◆ What to do:
The line containing "Most councils are" marks the end: copy exactly every line from the start of the records below up to and including it, leaving out pictures.

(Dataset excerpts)
▼

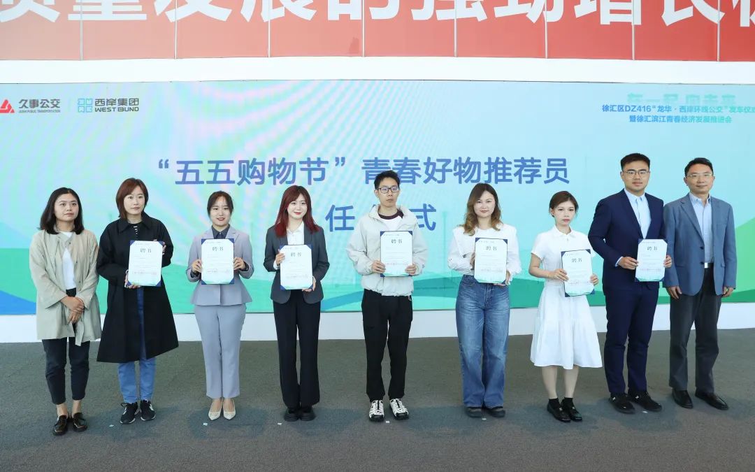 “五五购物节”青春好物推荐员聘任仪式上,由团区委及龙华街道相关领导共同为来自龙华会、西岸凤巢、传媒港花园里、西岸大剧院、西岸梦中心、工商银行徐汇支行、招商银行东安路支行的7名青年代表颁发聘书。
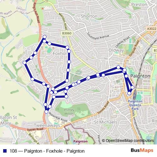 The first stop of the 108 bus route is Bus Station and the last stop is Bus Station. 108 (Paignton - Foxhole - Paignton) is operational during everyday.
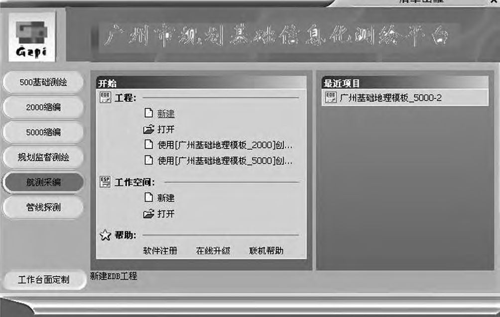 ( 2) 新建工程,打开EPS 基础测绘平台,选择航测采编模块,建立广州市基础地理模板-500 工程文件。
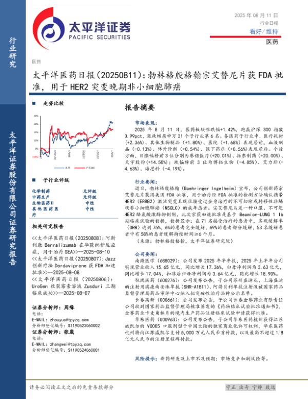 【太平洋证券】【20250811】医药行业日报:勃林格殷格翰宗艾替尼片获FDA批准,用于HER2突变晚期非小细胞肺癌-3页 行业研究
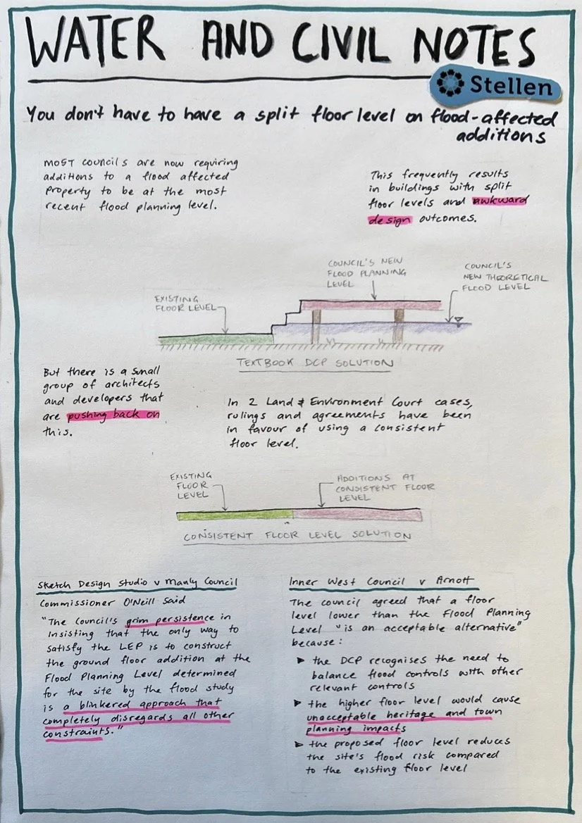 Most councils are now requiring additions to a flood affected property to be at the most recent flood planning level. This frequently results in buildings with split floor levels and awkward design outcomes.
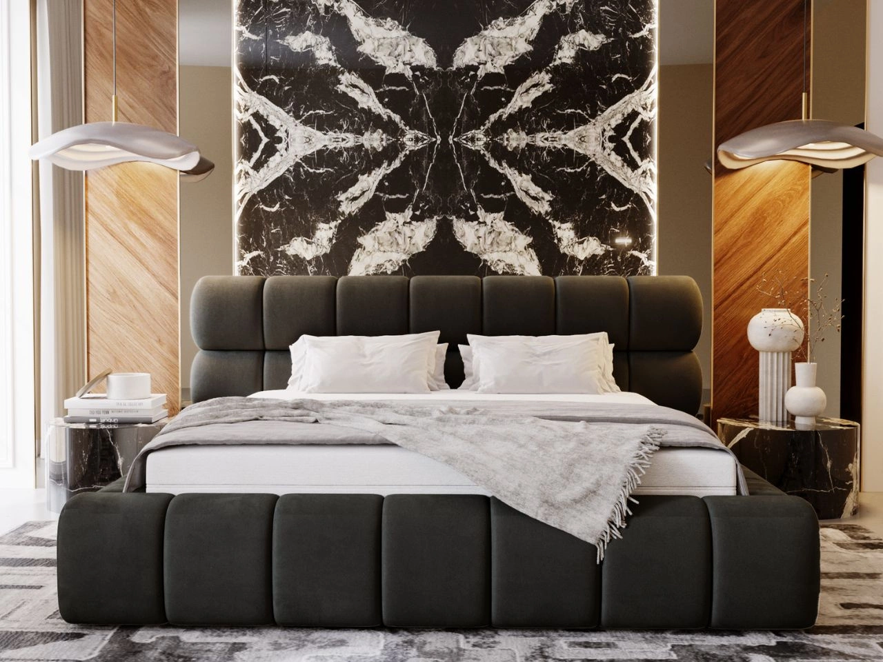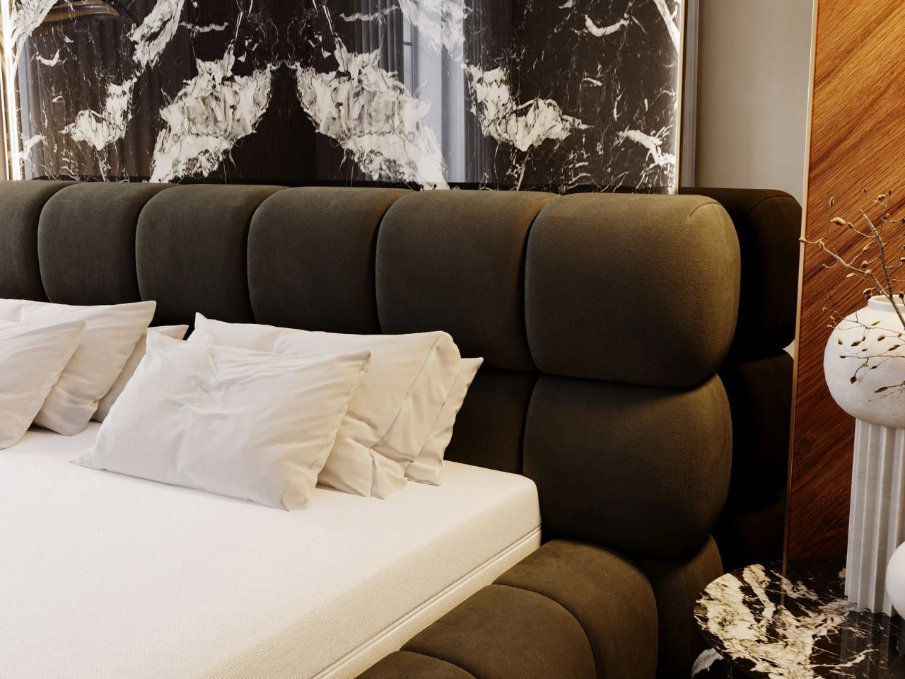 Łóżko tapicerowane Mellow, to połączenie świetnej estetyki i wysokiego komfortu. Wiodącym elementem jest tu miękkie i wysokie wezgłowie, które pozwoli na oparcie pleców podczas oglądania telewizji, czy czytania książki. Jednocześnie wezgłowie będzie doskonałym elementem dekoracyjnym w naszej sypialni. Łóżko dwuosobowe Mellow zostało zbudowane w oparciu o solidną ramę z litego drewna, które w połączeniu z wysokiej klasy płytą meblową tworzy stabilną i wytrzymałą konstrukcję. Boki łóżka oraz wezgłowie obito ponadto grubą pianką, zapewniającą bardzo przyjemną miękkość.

▲

◆ Solution:
 “五五购物节”青春好物推荐员聘任仪式上,由团区委及龙华街道相关领导共同为来自龙华会、西岸凤巢、传媒港花园里、西岸大剧院、西岸梦中心、工商银行徐汇支行、招商银行东安路支行的7名青年代表颁发聘书。
 The first stop of the 108 bus route is Bus Station and the last stop is Bus Station. 108 (Paignton - Foxhole - Paignton) is operational during everyday.
 ( 2) 新建工程,打开EPS 基础测绘平台,选择航测采编模块,建立广州市基础地理模板-500 工程文件。
 【太平洋证券】【20250811】医药行业日报:勃林格殷格翰宗艾替尼片获FDA批准,用于HER2突变晚期非小细胞肺癌-3页 行业研究
 Most councils are now requiring additions to a flood affected property to be at the most recent flood planning level. This frequently results in buildings with split floor levels and awkward design outcomes.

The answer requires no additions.